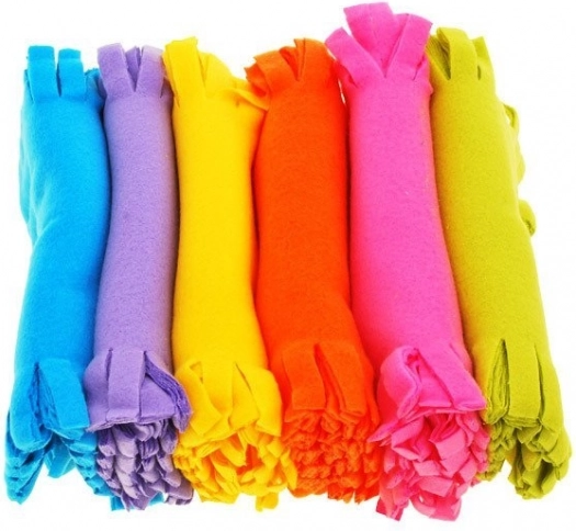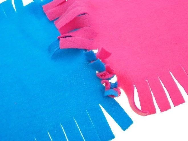 Chaque pièce possède des franges pré-découpées – il suffit de nouer les carrés entre eux et la couverture est prête, sans aiguille ni fil. Idéal même pour les débutants.
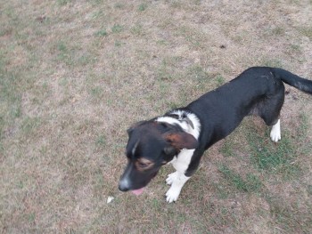 Wielkość średni. Czarny, biały brzuch i łapy. Ciemna obroża z karabińczykiem
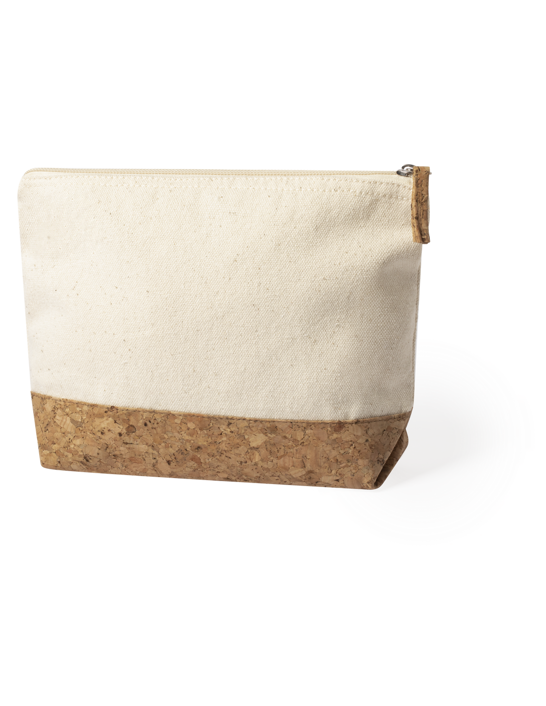 Neceser de línea nature en combinación de corcho natural y algodón crudo. Con cierre de cremallera y tirador en corcho a juego.
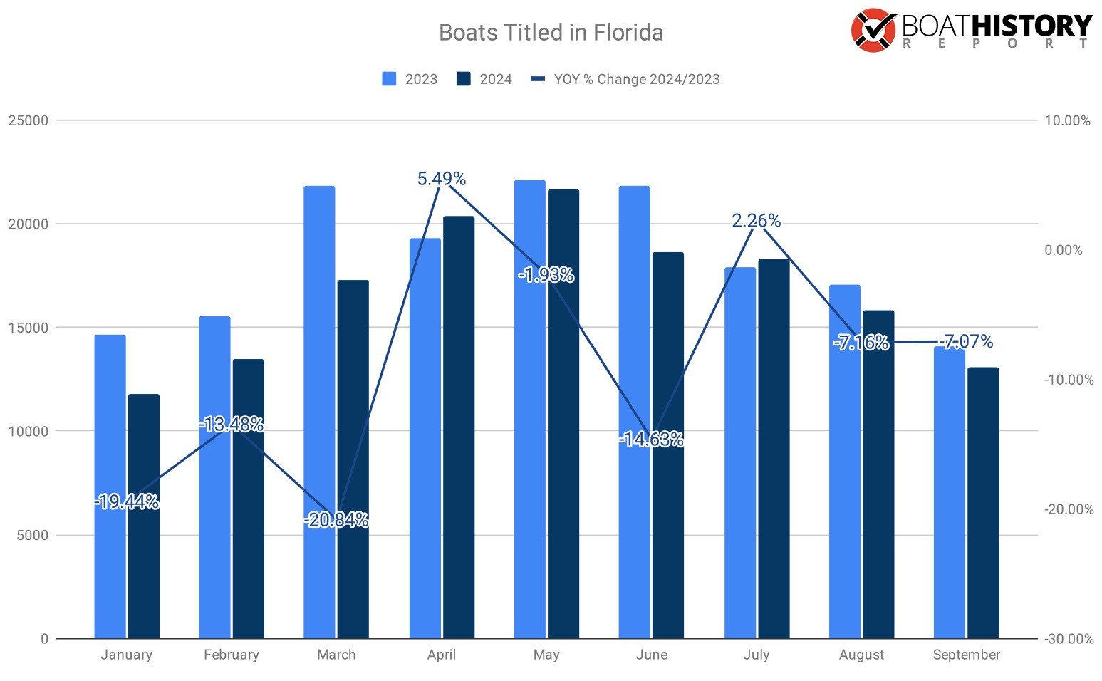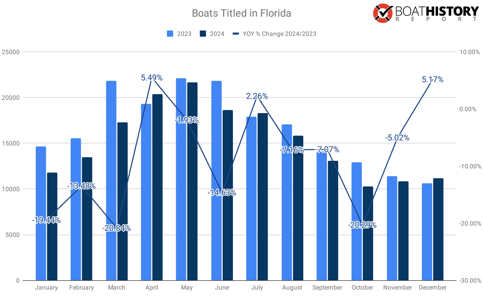 Year over year boat titles issued in Florida showed an 8.44% decrease from 2023 and a 5.83% decrease from the pre-covid numbers of 2019.
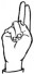 На ћирилици написано БУДИМИР ЋУРКОВИЋ састоји се из 15 слова [?]. Исписано ћириличном једноручном азбуком за глувонеме:
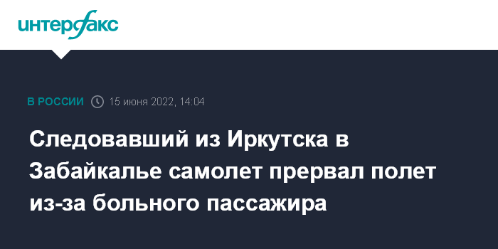 Москва. 15 июня. INTERFAX.RU - Самолету Ан-26 авиакомпании "ИрАэро", летевшему в среду из Иркутска в село Чара Забайкальского края, пришлось прервать полет из-за ухудшения самочувствия одного из пассажиров, сообщили "Интерфаксу" в пресс-службе "ИрАэро".
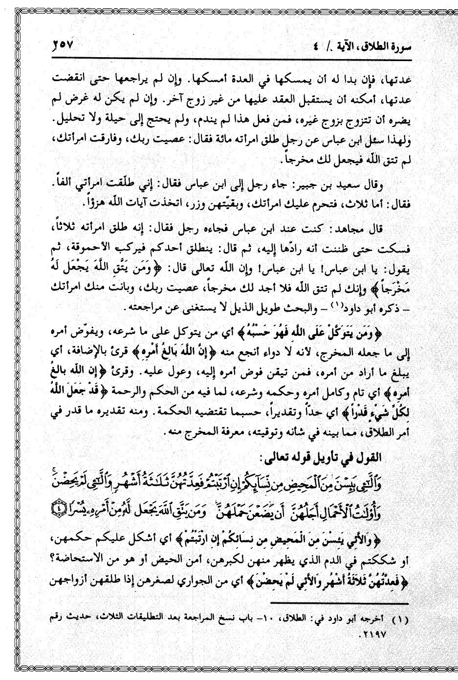 وَاللاَّئِي يَئِسْنَ مِنَ الْمَحِيضِ مِنْ نِسائِكُمْ إِنِ ارْتَبْتُمْ فَعِدَّتُهُنَّ ثَلاثَةُ أَشْهُرٍ وَاللاَّئِي لَمْ يَحِضْنَ وَأُولاتُ الْأَحْمالِ أَجَلُهُنَّ أَنْ يَضَعْنَ حَمْلَهُنَّ وَمَنْ يَتَّقِ اللَّهَ يَجْعَلْ لَهُ مِنْ أَمْرِهِ يُسْراً (4)

· · · ·

**Exercise details:** A faithful copy of all the entries is required, pictures excluded.

**Solution for this exercise:**
 Chaque pièce possède des franges pré-découpées – il suffit de nouer les carrés entre eux et la couverture est prête, sans aiguille ni fil. Idéal même pour les débutants.
 Wielkość średni. Czarny, biały brzuch i łapy. Ciemna obroża z karabińczykiem
 Neceser de línea nature en combinación de corcho natural y algodón crudo. Con cierre de cremallera y tirador en corcho a juego.
 Year over year boat titles issued in Florida showed an 8.44% decrease from 2023 and a 5.83% decrease from the pre-covid numbers of 2019.
 На ћирилици написано БУДИМИР ЋУРКОВИЋ састоји се из 15 слова [?]. Исписано ћириличном једноручном азбуком за глувонеме:
 Москва. 15 июня. INTERFAX.RU - Самолету Ан-26 авиакомпании "ИрАэро", летевшему в среду из Иркутска в село Чара Забайкальского края, пришлось прервать полет из-за ухудшения самочувствия одного из пассажиров, сообщили "Интерфаксу" в пресс-службе "ИрАэро".
 وَاللاَّئِي يَئِسْنَ مِنَ الْمَحِيضِ مِنْ نِسائِكُمْ إِنِ ارْتَبْتُمْ فَعِدَّتُهُنَّ ثَلاثَةُ أَشْهُرٍ وَاللاَّئِي لَمْ يَحِضْنَ وَأُولاتُ الْأَحْمالِ أَجَلُهُنَّ أَنْ يَضَعْنَ حَمْلَهُنَّ وَمَنْ يَتَّقِ اللَّهَ يَجْعَلْ لَهُ مِنْ أَمْرِهِ يُسْراً (4)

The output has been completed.